Does it matter which direction the blade comes from? I’ve been going from the up side of the nail down.

syz's avatar

It shouldn’t, although I do it the opposite way (only because there’s a natural notch on the bottom of the nail that gives me a starting point).

hug_of_war's avatar

My dog is too afraid of the sound of the pedi-paw so it was useless for him.. He’s small (6–8ish lb mini pin) and it just freaked him out too much, even after repeatedly trying to get him used to it, so that’s something to think about.

crisw's avatar

The Pedi-Paw is just a type of Dremel tool. Most professional groomers I know just use the Dremel. Quick, easy, and no bleeding.

Clair's avatar

i hate the guillotine clippers. but i just bought pedi-paws and i absolutely love it. i have two chihuahuas and one was an abused meth dog and it doesn’t scare her at all. it works great.

elijah's avatar

I called my mom and asked her to bring the pedi-paws thing over. I’m going to try it out.

rooeytoo's avatar

If the nail is curled around into the flesh, a scissors type is the only thing that will work. If it is a normal nail then I would suggest guillotine. put your fingers on the nail at the depth you want the blade to go and then slide the clipper back against your fingers, that way you will not cut deeper than you want to go. Then squeeze with authority, if you are squeamish and just squeeze a little bit, it takes too long, the dog gets squirmy and it gets harder.

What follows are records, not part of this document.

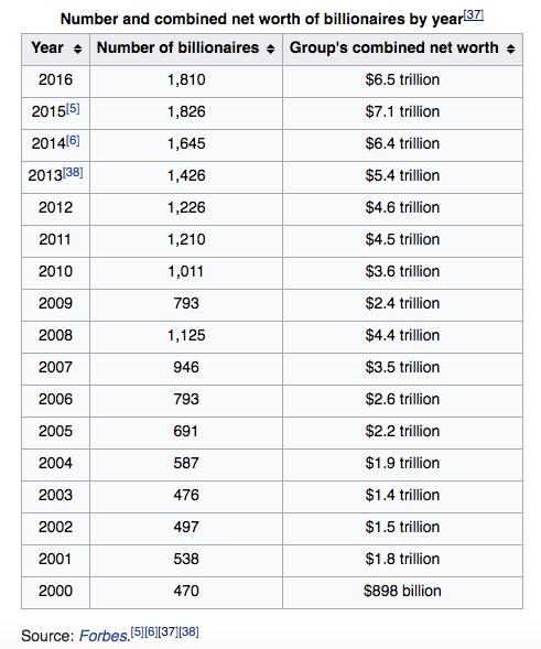 I took this from Wikipedia, which combined the information from “The World’s Billionaires” list published by Forbes. On this list, we can see that there are only several times where the total number of billionaires AND their total combined net worth declined. There are three periods of decline, starting from the year 2000. The first begins in 2002, after the dot-com bubble. The second begins in 2009, after the housing bubble (or Great Financial Crisis). The third begins in 2016, which doesn’t really correlate to anything… yet.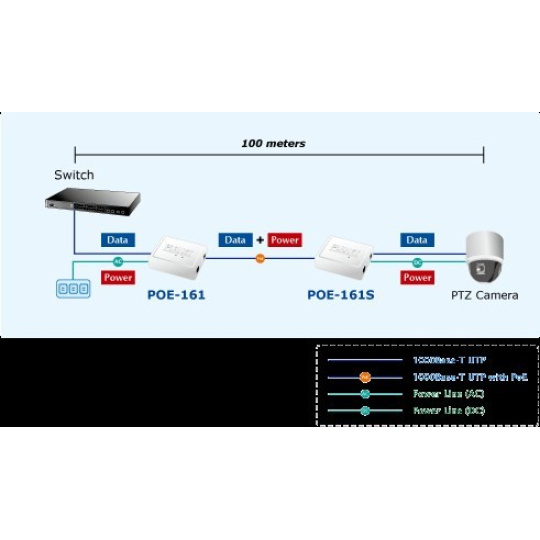 POE-162S Rozdeľovač PoE IEEE802.3at, 30 W, Gigabit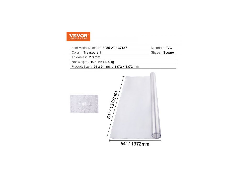 Tloušťka: 2,0 mm,Tvar: Čtvercový,Rozměr chrániče stolu: 54x54 palců / 1372x1372 mm,Barva: Průhledná,Číslo modelu položky: F085-2T-137137,Materiál: PVC,Čistá hmotnost: 10,1 lbs / 4,6 kg

The end of the nail is soft and powdery inside so you may not be going back far enough.

The dremmel type get hot as blazes so you want to be fast with them or do it with short bursts. Takes too long for me, I would rather just do it and get it over with.

bluesky's avatar

On small dogs like the mini pin, you can use a clipper for cats/small pets. The Guillotine cliper is ok you have to make sure to keep up with the blade when it gets dull it destroys nails. A dremel Is the best thing I use and is great on big dogs if they can stand the noise. Pedi paws sucks!! Also Clippers come in different sizes so for the really big nails there is a large clipper for that.

rooeytoo's avatar

I should have added, always have something handy to clot the blood in case you go into the vein. There is a specific product called Quik Stop but if you don’t have that baby powder, talc, something like that will do the trick as well.

chyna's avatar

@elijah Let me know what you think of the pedi paws. I just used it today on my dog. She is used to it, so it’s no problem. I do use it about once a week to keep the nails down.

elijah's avatar

I tried it today. My dogs weren’t scared of the noise. They were a little nervous but they sat on my lap and patiently let me grind away. It takes hella long, but the nails are smooth. I had a couple issues with my littlest dog because her feet are so tiny it was hard to seperate her toes enough to get the bulky thing in there. Also I’m left handed, and it seems like it works better when you use your right hand. All in all I think it’s a good tool, but it takes a long time.

chyna's avatar

It does, but once they are where you want them to be, if you do it once a week, they are nice and smooth. They dont get caught in the carpet or scratch the hardwood floors.

Clair's avatar

i had a hard time with my toy chihuahua too but it was worth it. guillotine freaks her out.

chyna's avatar

Guillotine freaks me out.

Daethian's avatar

I’ve seen a lot of bad reviews about Pedi paws catching on fire and burning up. Its a cheap knock off without sufficient power to do the job properly. They are 20.00 bucks and if the first one burns out on you and you have to buy a second one, well you wasted 20.00 bucks. Buy a quality product the first time.

I went to Target and for about 40.00 bought a dremel type tool, just not a Dremel brand. It works fantastic! You need something with variable speeds and this does it.

Sometimes I use the guillotine to trim the excess and then use the dremel. My one dog has all black nails and the other hates to have her nails trimmed so they get kinda long between trimmings.

If you use enough pressure and hold the nail firmly to the tip of the Dremel it goes much fast but you still have to be aware of how hot the nail is getting.

A Dremel is what my groomers use also.

chyna's avatar

Actually mine is called a Peticure and it was 59.00. Didn’t realize there was a difference.